Böbrek taşı tedavisinin de taşın boyutuna, yerine ve böbreği tıkayıp tıkamadığına göre değiştiğini söyleyen Doç. Dr. İlter Alkan, konuyla ilgili şu bilgileri verdi: “Örneğin taş, idrar yoluna düşmüş ve 0,5 milimin altındaysa kendiliğinden düşme olasılığı yüksektir. Ancak bu orandan büyükse endoskopik (kapalı) cerrahi yöntemlerin kullanılması gerekebiliyor. Geçmişte taş tedavisinde açık ameliyat yöntemini kullanırken, günümüzde kapalı ameliyatlarla vücutta hiçbir kesi yapmadan ya da çok küçük kesi kullanarak tedaviyi tamamlayabiliyoruz. Böbrek içerisinde 3 cm’ye kadar olan taşlarda fleksibl üretorenoskopi denilen idrar yolu içinden çok ince ve kıvrılabilir bir cihazla böbrek içine kapalı olarak girilerek holmium lazerle taş tamamen kırılabilmektedir. 3 cm’ den daha büyük taşlarda da mini-perc yöntemi ile oldukça etkili sonuçlara ulaşabiliyoruz”
3 santimden büyük, bütün böbreği kaplayabilecek çok büyük taşlarda Mini-Perc yöntemiyle perkütan operasyonuna bağlı komplikasyon oranlarının oldukça azaldığını söyleyen Doç. Dr. İlter Alkan konuyla ilgili şu bilgileri verdi: “Mini Perc, ciltten 0.3-0.5 santimlik kesi oluşturularak böbrek içine yine ince bir boruyla girme tekniğidir. Böbreğe girildikten sonra taşlar Holmium lazer ile eritilerek/ kırılarak tamamen temizlenir. Bu yöntemde normal perkütan cerrahide kullanılan cihaza (nefroskop) göre mini-perc cihazının çapı yarı-yarıya incelmiştir. Bunun sonucunda böbreğe girilirken böbrek hasarı oluşturma olasılığı oldukça azalır ve yüzde 75’ten 95’lere kadar tamamen taşsızlık (taşların tamamen temizlenmesi) oranına ulaşılabilir. Yine normal perkütan cerrahiye nazaran kanama riski de oldukça düşük orandadır. Üstelik her yaştaki hastaya uygulanabilir. Hastaların bir-iki gün içinde taburcu olarak günlük yaşamlarına devam edebilmeleri bu yöntemin diğer önemli kazanımlarından biridir.”

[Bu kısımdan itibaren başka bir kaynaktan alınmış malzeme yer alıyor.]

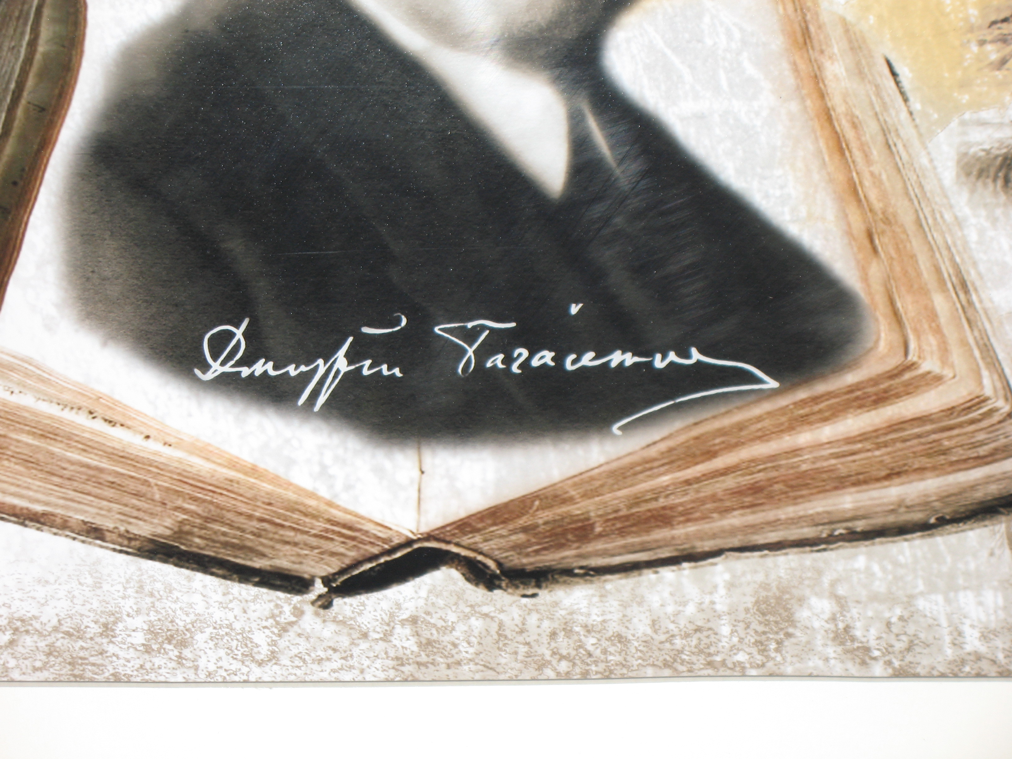 Dmitry Bagaley signature.

Taş düşüren kişilerde, tekrar taş oluşma riskinin 5 yıl içinde, yüzde 50 olduğunu hatırlatan Doç. Dr. Alkan, “10 yılda bu artık yüzde 80-90’a ulaşıyor. Dolayısıyla taşı bir kere düşürdükten sonra tekrarlama riski yarı yarıya var. Bu konunun önemi çok büyük. Ayrıca bir kere Mini-Perc yöntemiyle tedavi edilen kişide tekrar taş oluşsa bile yine aynı yöntem kullanılarak tedavi edilebilir” şeklinde konuştu.
Taş cerrahi tedaviyle tamamen alınsa bile hastaların rutin takip edilmesinin, taş analizinin ve metabolik incelemelerin yapılmasının önemini ifade eden Yeditepe Üniversitesi Hastaneleri Üroloji Uzmanı Doç. Dr. İlter Alkan, “Taşın hangi tipte olduğunun tespit edilmesi sonraki dönemler için alınacak önlemler açısından önemlidir ki bu analiz çoğunlukla ihmal ediliyor. Yapılacak metabolik (kan ve idrar analizleri) araştırmalarla taşın tekrarlanmaması için gerekirse ilaç tedavisine başlıyor ve hastanın yaşam tarzında (diyet gibi) yapması gereken değişiklikler konusunda uyarılarda bulunuyoruz. Taş oluşumuna sebep olan nedenler arasında ise az sıvı tüketmek, obezite ve yanlış yapılan diyetler sıralanabilir” diyerek sözlerini noktaladı.